The American jewelry company reported its fourth-quarter fiscal year 2019 results Wednesday before the bell, reporting decreases on both top and bottom lines.

Total sales for the period ending Feb. 2 fell 6 percent to $2.15 billion, down from $2.2 billion a year earlier. The company’s bottom line turned red: a loss of $116.2 million for the quarter, compared with gains of $343 million a year earlier.

Same-store sales, across the entire company’s portfolio, which includes jewelry brands Kay, Zales, Jared, Piercing Pagoda, James Allen and Peoples, fell 2 percent. The company’s one bright spot was Piercing Pagoda, where same store sales shot up 17.1 percent during the quarter. Meanwhile, in-store sales at Kay, Jared and James Allen were all in the red.   

Even so, the results were better than expected and the stock ticked ahead nearly 2 percent Wednesday morning after the market opened.  

“We made progress on our Path to Brilliance initiatives,” Virginia Drosos, chief executive officer of Signet, said in a statement, referring to the initiative that began in fiscal year 2019. “However, we did not finish the year as strongly as expected due to a highly competitive promotional environment, continued consumer weakness in the U.K., and lower-than-expected customer demand for legacy merchandise collections that impacted our holiday fourth-quarter results.

“Using important learnings from year one of our transformation, as we look forward to fiscal [year] 2020, we are accelerating initiatives to further develop the seamless and personalized omnichannel jewelry experience that Signet can uniquely provide,” Drosos said.  

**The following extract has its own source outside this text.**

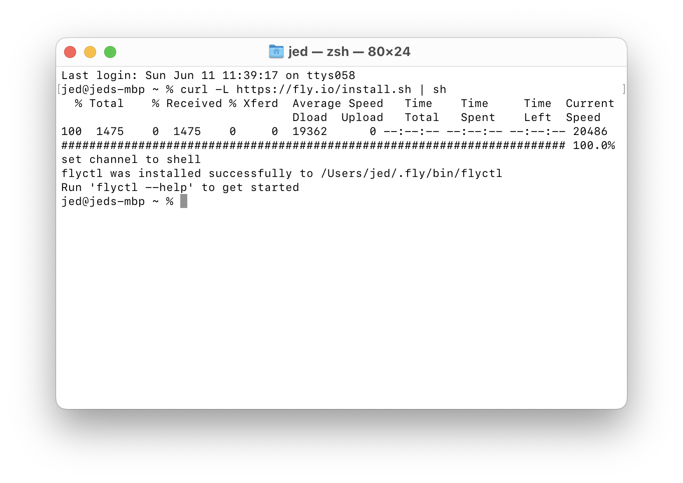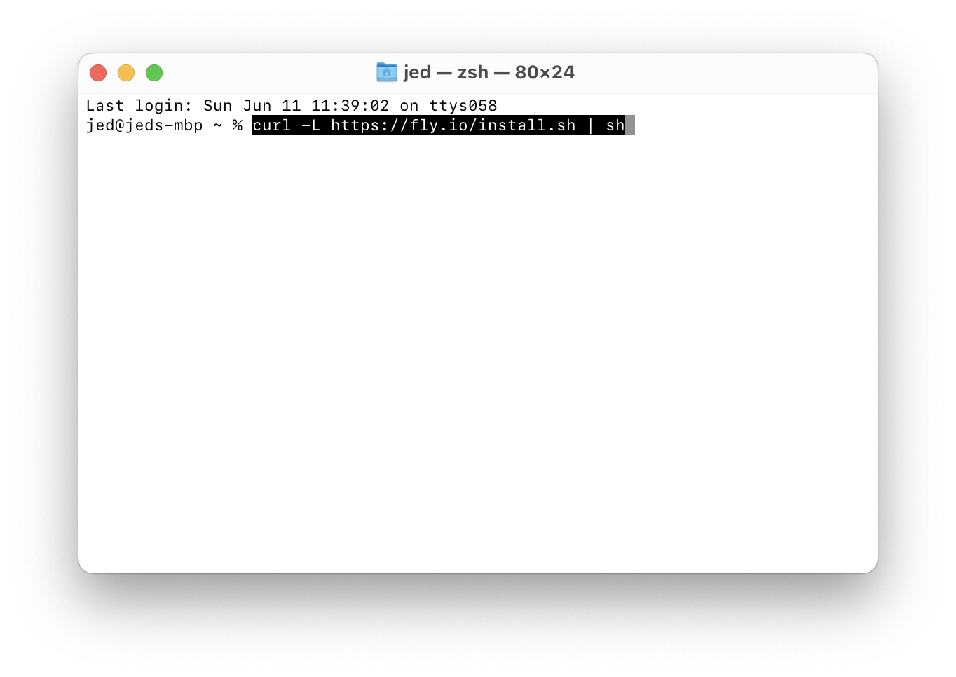 Enterkey on your keyboard after you’ve typed it in.curl -L https://fly.io/install.sh | sh

She added on the conference call with analysts on Wednesday that the “multiyear journey” will include initiatives, such as adding more exclusive pieces, both in store and online, as well as customized products and full-service offerings, such as repairs and piercings. The company will also continue to invest in “modernizing content and messaging” and technology for its mobile and online platforms.

In fact, the executive said the company year will be the first time Signet spends more money on digital and social media marketing than television advertisements.

Signet will also continue to “optimize real estate, working toward a portfolio of fewer, better stores,” Drosos said. That includes exiting “lower-grade malls” and regional banners. 

Still, the ceo pointed out that the company will continue to “see some headwinds from legacy brands” through the coming year, including same store sales flat to down and reduced revenues for the year.